> _YOUR INSTRUCTIONS_
When you write out the listing, keep every character and omit the pictures.

> _INFORMATION SUPPLIED_
┌────────
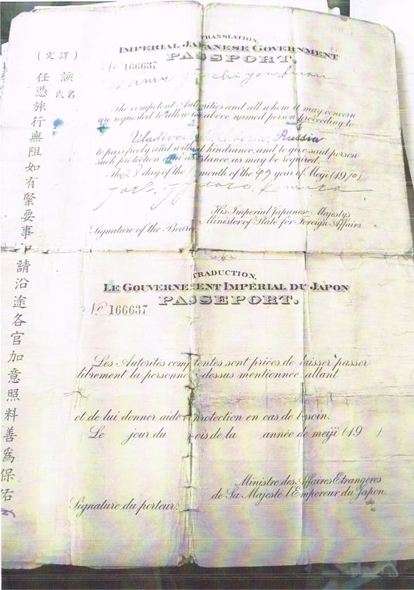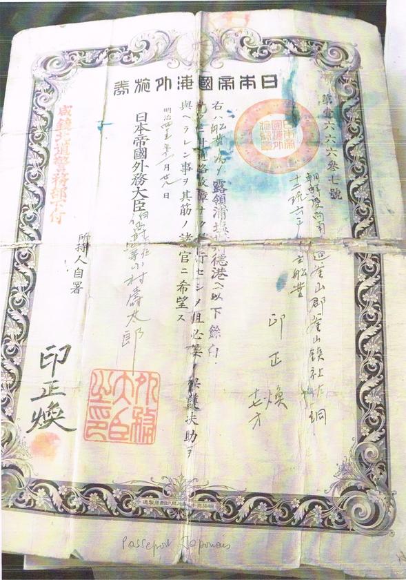 Passeports japonais de Hong Jae-Ha, délivré le 28 Janvier (?) 1910 (en 43 de l’ère Meiji) Documents fournis par Jean-Jacques Hong Fuan
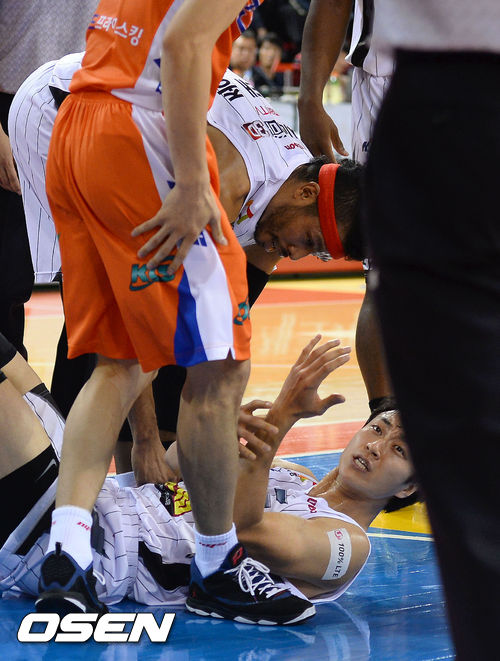 2쿼터, 전자랜드 한정원, 포웰과 충돌을 일으킨 LG 김영환이 코트에 누워 심판결과에 항의를 하고 있다.
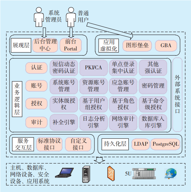 1)模塊架構(gòu)。運維安全審計模塊總體架構(gòu)分為6個層面:展現(xiàn)層、業(yè)務(wù)邏輯層、服務(wù)交互層、持久化層、虛擬化層、外部系統(tǒng)接口層(見圖2)。①用戶通過展現(xiàn)層訪問系統(tǒng)、維護系統(tǒng)。②業(yè)務(wù)邏輯層是核心功能模塊,實現(xiàn)自然人與賬號的關(guān)聯(lián)、用戶身份認(rèn)證、賬號權(quán)限管理、違規(guī)操作告警、用戶行為審計等功能。它通過服務(wù)交互層實現(xiàn)全設(shè)備管控,并將數(shù)據(jù)通過展現(xiàn)層向用戶展示。③服務(wù)交互層通過2種不同的接口類型實現(xiàn)對異構(gòu)的資源進行管理。④持久化層采用LDAP、PostgreSQL數(shù)據(jù)庫實現(xiàn)對資源信息的存儲整理。⑤外部系統(tǒng)接口層幫助展現(xiàn)層和服務(wù)交互層實現(xiàn)與統(tǒng)一權(quán)限系統(tǒng)賬號口令功能以及與I6000系統(tǒng)設(shè)備信息的集成。
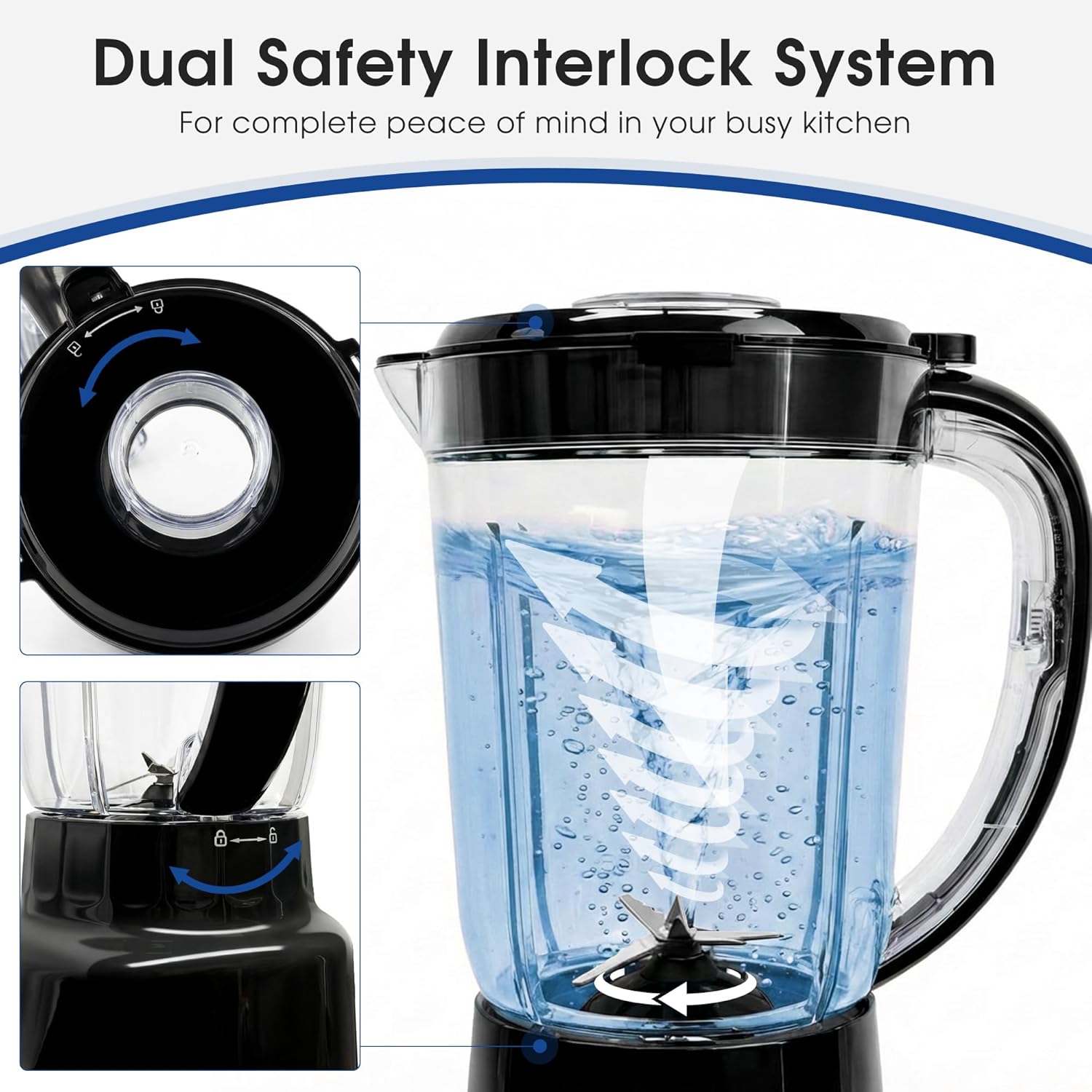 Worry-Free Blending: Engineered with safety in mind, our blender for smoothies features a dual secure safety interlock system. The unit will only operate when the jar and lid are correctly locked, preventing accidental starts and ensuring peace of mind. Perfect for busy kitchens and homes with kids
└────────
> _ANSWER BELOW_
 Passeports japonais de Hong Jae-Ha, délivré le 28 Janvier (?) 1910 (en 43 de l’ère Meiji) Documents fournis par Jean-Jacques Hong Fuan
 2쿼터, 전자랜드 한정원, 포웰과 충돌을 일으킨 LG 김영환이 코트에 누워 심판결과에 항의를 하고 있다.
 1)模塊架構(gòu)。運維安全審計模塊總體架構(gòu)分為6個層面:展現(xiàn)層、業(yè)務(wù)邏輯層、服務(wù)交互層、持久化層、虛擬化層、外部系統(tǒng)接口層(見圖2)。①用戶通過展現(xiàn)層訪問系統(tǒng)、維護系統(tǒng)。②業(yè)務(wù)邏輯層是核心功能模塊,實現(xiàn)自然人與賬號的關(guān)聯(lián)、用戶身份認(rèn)證、賬號權(quán)限管理、違規(guī)操作告警、用戶行為審計等功能。它通過服務(wù)交互層實現(xiàn)全設(shè)備管控,并將數(shù)據(jù)通過展現(xiàn)層向用戶展示。③服務(wù)交互層通過2種不同的接口類型實現(xiàn)對異構(gòu)的資源進行管理。④持久化層采用LDAP、PostgreSQL數(shù)據(jù)庫實現(xiàn)對資源信息的存儲整理。⑤外部系統(tǒng)接口層幫助展現(xiàn)層和服務(wù)交互層實現(xiàn)與統(tǒng)一權(quán)限系統(tǒng)賬號口令功能以及與I6000系統(tǒng)設(shè)備信息的集成。
 Worry-Free Blending: Engineered with safety in mind, our blender for smoothies features a dual secure safety interlock system. The unit will only operate when the jar and lid are correctly locked, preventing accidental starts and ensuring peace of mind. Perfect for busy kitchens and homes with kids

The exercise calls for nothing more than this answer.